Still, Liza is far from a carbon copy. "She has a style of her own and a better range in her voice than
Judy did," Martin observes. Adds Gene Kelly, who acted with Judy before Liza was born: "Every once in a while you see flashes of Judy that you can't escape, but she had more of Judy earlier in her career. Now she's more her own person. I think there are thousands of sons and daughters of great artists who couldn't even carry a tune. I don't think it harmed her having two talented parents, but I don't think you can say it gave her her talent."
Maybe not, but it certainly helped her to develop what she had. When Liza was born, Judy was still at the height of her career. It was 1946, and for postwar Americans she still evoked the simpler times when Andy Hardy was in love and the Land of Oz was rainbow hued. Meanwhile, Liza's father, a courtly, cultivated man whom she still idolizes, was busy creating such polished movie musicals as Ziegfeld Follies and Meet Me in St. Louis. Though sometimes frenetic, family life was full of laughter, flowers and music. It was also somehow unreal.

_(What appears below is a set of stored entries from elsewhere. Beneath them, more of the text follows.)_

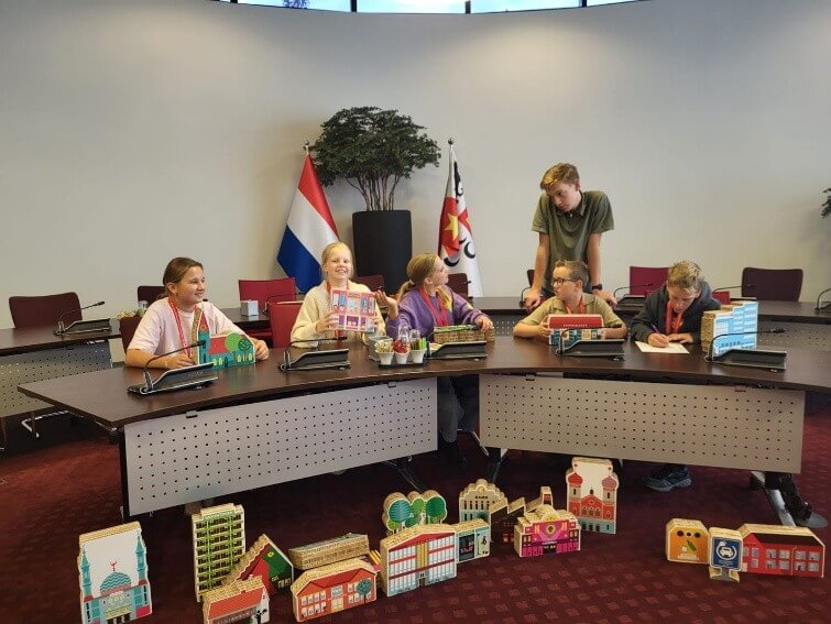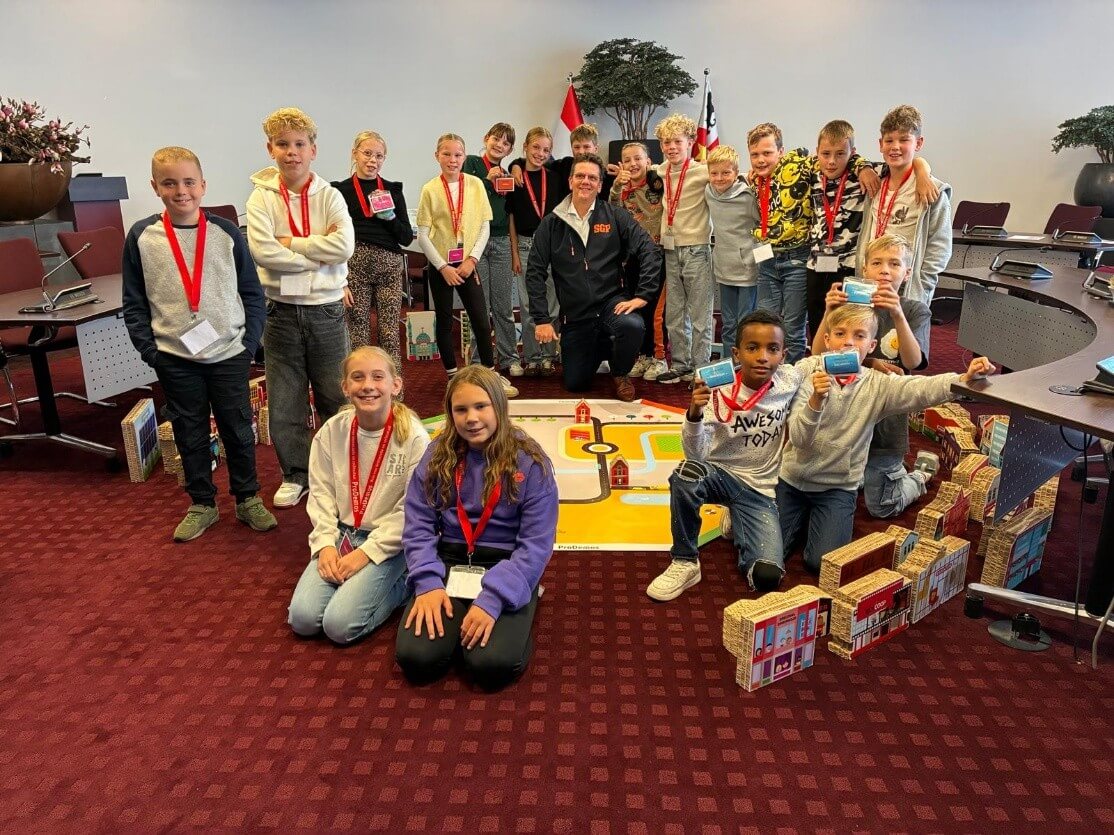 ’s Middags trad groep 8 van de Ebenhaëzerschool aan. Daar werd het spel nóg meer als een politieke arena gespeeld, compleet met partijen als de Leuke Bouwers en de Partij voor Boeren. Hun keuzes waren concreet en praktisch: een brandweer, boerderij, supermarkt en garage mochten niet ontbreken. Ook een basisschool en kerk kregen een plek in hun dorp.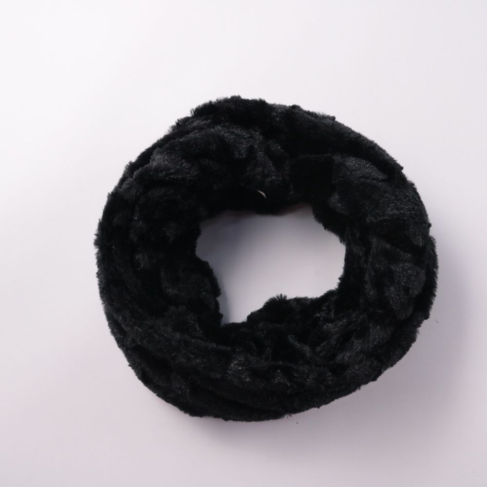 Меховой шарф-снуд LYESTER чёрного цвета, мягкий и объёмный, хорошо закрывает шею от ветра. Подойдёт для зимних прогулок и поездок, легко сочетается с пуховиками и пальто. Практичный плюс — не развязывается и быстро надевается через голову.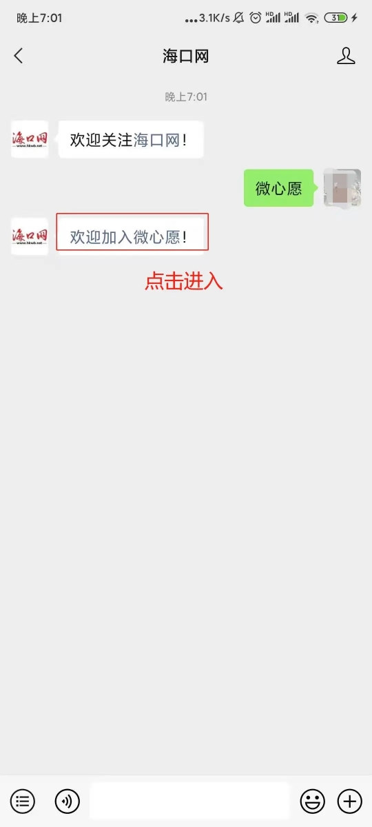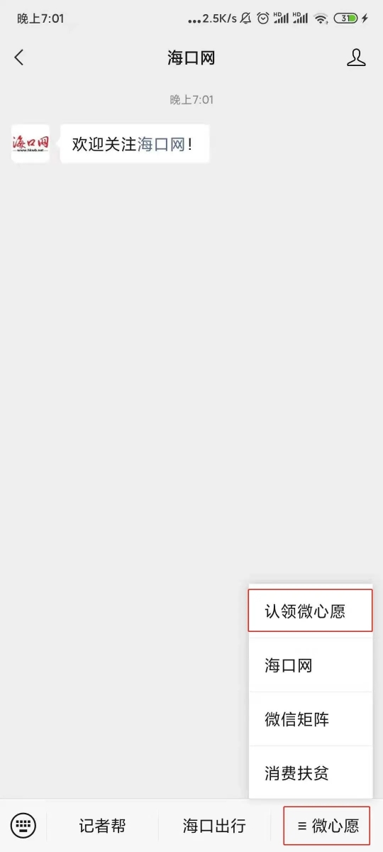 关注海口网微信公众号,私信发送“微心愿”或点击右下角【微心愿】菜单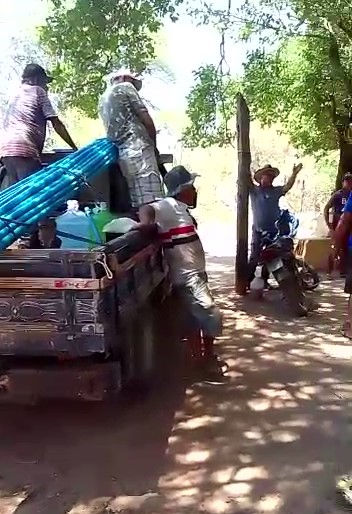 De acordo com os agricultores e agricultoras, Eutropio Maria Vasconcelos Filho, conhecido como Muido de Tropinho, chegou ao local em sua caminhonete D20, cor azul, carroceria de madeira, transportando canos e motores. Portando uma arma de fogo na cintura, ele afirmou que iria tirar água do cacimbão para dar aos animais. No momento que tentou adentrar com a caminhonete no sítio, foi impedido pelos moradores, que logo chegaram ao local.

Dressing Up. "Our environment was on the highest level of the absurd," recalls Candice Bergen, another childhood friend. "Our birthday parties, for example, were organized follies. There had to be trained-dog acts, magicians, cartoons, triple screenings of new movies—every imaginable extravagance. One of our friends even had an electric waterfall. It was all highly surrealistic, like living in a big playroom." Liza adds: "I remember a picture flashed through my mind, like a painting, at one of the parties. I had a feeling: This is not the average. This isn't the ordinary life.' "
That is the least that could be said. Liza's friends liked coming to her house because they could play dress-up better there than anyplace else in Hollywood—or the world. Their dresses might be miniature versions of costumes from movies, for example a replica of a waltz gown worn by Deborah Kerr in The King and I.
After school Liza would run over to MGM to watch the shooting, the way any other kid might go to her father's office. "It seemed like a factory to me," she says. "I loved it. I got so that I knew every inch of it, all the short cuts to different stages and all the underground passages. And all the people there knew me." Minnelli let her ride the boom with him when he was lining up a shot, giving her a view of film making that very few actresses have had. "What really interested me, though, was watching people dance," she says. "I used to go over to Rehearsal Hall B or C and watch Cyd Charisse, Fred Astaire and Gene Kelly, and I'd learn all their numbers. Then I'd go home and practice for hours in front of the mirror."